A new generation of microscope for studying life hiding under the ground21 January 2022
A new generation of microscope for studying life hiding under the ground
- The new microscope, developed by an international consortium led by NEIKER, makes it possible to capture the movement of the microbes in the soil around the roots of growing plants for the first time
- This discovery will improve understanding of the interaction between plant roots and the microbes present in the soil, essential for more sustainable agricultural production
- “This development will have many applications such as the design of new strategies to improve crop fertilisation”, explains Lionel Dupuy, the principal researcher on the project
According to the Food and Agriculture Organisation (FAO) of the United Nations, by 2050 agricultural production must increase by around 50% to be able to meet the food demands of the world population as a whole, thus guaranteeing food safety. One of the main limitations in achieving this objective lies in the deterioration of soil quality, a natural resource that is non-renewable on a human time scale, with key functions such as food production and the maintenance of biodiversity. To be able to guarantee its conservation, it is essential to protect it and study it in a way that is respectful of the environment and as non-invasive as possible.
To date, the scientific studies centred on researching soil processes are especially complex due, on one hand, to the natural opacity of this ecosystem and, on the other, the fact that the current methods of study are generally invasive and do not allow biological activity to be seen as it happens.
In response to this problem, an international team of scientists led by NEIKER, member of the Basque Research and Technology Alliance (BRTA), has developed a new microscope that has made it possible to capture for the first time the movement of the microbes present in the rhizosphere -the layer of soil near the roots- and their interaction with the plant roots experiencing growth, in the moment and non-invasively.
This new research, which was recently published in the prestigious journal Proceedings of the National Academy of Sciences of the United States of America, seeks to improve understanding of the biological processes of the soil. Specifically, it will be possible to design new biological fertilisers, and improve crop irrigation regimes, to progress toward more sustainable agriculture in the fight to mitigate the effects of climate change.
This new development complements research completed in 2012 that developed an artificial transparent model of the earth, created in the laboratory, that reproduced the chemistry of natural soil, enabling plants to grow and facilitating direct observation of the behaviour of their roots.
As Ikerbasque researcher at NEIKER and project leader Lionel Dupuy explains, “plants have been grown in these transparent artificial soils that are custom made so that sensitive cameras can capture the activity of the microbes in the soil, live and at high resolution”. This has been possible thanks to the use of specialised lasers, optics and robotic scenarios of the latest generation. In this regard, the new microscope makes it possible to scan living samples and reconstruct three-dimensional maps of the activity of the microbes.
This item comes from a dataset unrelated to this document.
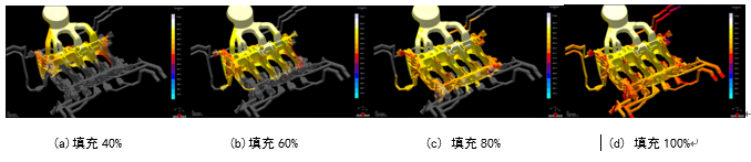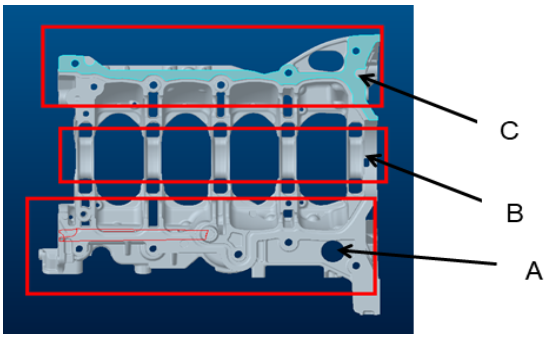 圖4:定模側(cè)與動模側(cè)充型過程模擬 由圖4模擬結(jié)果可以看出,進料口先填充產(chǎn)品動模側(cè),再向水尾填充,且整體填充比較順暢,沒有發(fā)現(xiàn)明顯紊流,符合設(shè)計的目的。 溢流排氣系統(tǒng)設(shè)計 根據(jù)圖4的進料模擬結(jié)果,在鋁料的最后填充位置或鋁料交匯位置設(shè)計溢流槽。圖5為下缸體結(jié)構(gòu)特點,可以看出,A和C區(qū)域為厚大部位,集中了產(chǎn)品的絕大部分鋁料,B區(qū)域為薄壁位置,安裝了鑄鐵鑲嵌件后的鋁料壁厚最薄處只有2 mm,形成5條狹長過料通道。 A區(qū)域的排氣和C區(qū)域的填充十分困難,也容易產(chǎn)生卷氣。溢流排氣系統(tǒng)設(shè)計見圖6,4個區(qū)域的末端各連接一個齒形激冷排氣塊。齒形激冷排氣塊集渣效果良好,配合真空機的使用可以解決厚度差異大而帶來的流動性不足問題。在各個區(qū)域的氣體能順暢排出的情況下,一方面有利于降低產(chǎn)品內(nèi)部氣孔,另一方面減少模具的負壓,有利于鋁料填充。澆注系統(tǒng)的模擬結(jié)果見圖7,可以看出,產(chǎn)品的各個部位填充和排氣較順暢,符合設(shè)計目的。
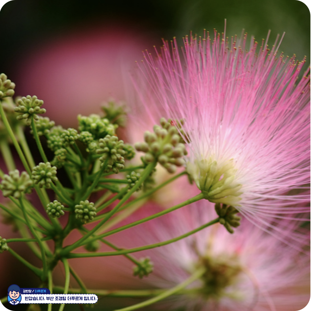 • 꽃: 6~7월경에 피며, 솜사탕처럼 부드러운 분홍빛 꽃

Window to more sustainable agriculture
Currently, the volume of soil explored by the microscope is only a few cubic centimetres, so only plants in their early stages of development are studied. Nevertheless, the work that is under way within the framework of this investigation will make it possible to examine broader panels with more mature plants, which, according to Dupuy, “will open up new horizons in research into the production of crops that best interact with the microbes in the soil, and their adaptation to irrigation and fertilisation more sustainable regimes, among other applications”.
Knowing how bacteria colonises plant roots is essential for developing biological fertilisers where the beneficial microbes can be kept within the surroundings of the root more easily. In this regard, these new biofertilisers will replace synthetic chemical products with live microorganisms that promote plant growth through the increased supply of nutrients for the host plant and the production of phytohormones.
In addition, the new microscope can also be used to optimise the composition of soil fertiliser.
To date, the role that the roots may play in improving the fertilisation of crops has not been studied enough. Nevertheless, “this must change if we want to adapt agriculture to climate change. The finding opens up a new window in this direction, a chance to be able to research the design of new strategies that can improve crop fertilisation in a more environmentally-friendly way, thus favouring more sustainable crop production”, highlights the NEIKER researcher.
This research was funded by the European Union through the Horizon 2020 research and innovation programme (Grant 647857 Agreement-SENSOILS) with the collaboration of The University of Dundee, The James Hutton Institute, Scotland’s Rural College and The University of Sheffield (United Kingdom), the Institut Charles Gerhardt Montpellier (France), as well as the Basque Foundation for Science, Ikerbasque and the NEIKER technology centre.